Closed dhayanesh closed 1 year ago
Hi, I'm training the DLRM model in two different settings,
I'm seeing a difference in the embedding values after certain epoch in both settings. Can you provide some insights into this?
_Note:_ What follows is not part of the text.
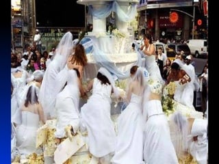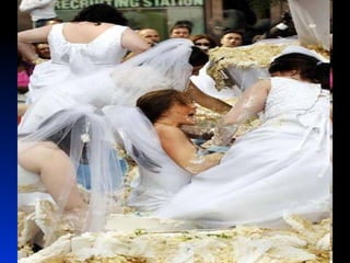 الوثيقة تتحدث عن حفل زواج جماعي غير تقليدي حيث تم تضمين جوائز في كعكة الزفاف، بما في ذلك شيك بقيمة خمسين ألف دولار. كما تتناول صفات المرأة من الناحية الفيزيائية والكيميائية، موضحة أن لديها خصائص تتراوح بين الانفعال والتغيير حسب الظروف. تحتوي أيضًا على تحذيرات عن المرأة ككيان معقد يمكن أن يتفاعل بشكل متقلب.

Sample embeddings: In Single Node with Multi GPU, I got the dlrm.emb_l.state_dict() like: OrderedDict([('0.weight', tensor([[ 0.19507, -0.21561], [-0.27545, 0.04792], [ 0.21673, -0.08091], [ 0.47925, 0.18253]])), ('1.weight', tensor([[-0.02116, -0.12329], [-0.17937, 0.26646], [-0.06997, -0.50720]])), ('2.weight', tensor([[-0.14307, 0.33310], [-0.44806, -0.46139]]))])
In 2-cpu mode: OrderedDict([('0.weight', tensor([[ 0.19971, -0.21732], [-0.26437, 0.04637], [ 0.22765, -0.08109], [ 0.48709, 0.18019]])), ('1.weight', tensor([[-0.03650, -0.12445], [-0.20467, 0.26369], [-0.08280, -0.50890]]))]
I would start by checking whether the randomly initialized embeddings are the same across these two settings.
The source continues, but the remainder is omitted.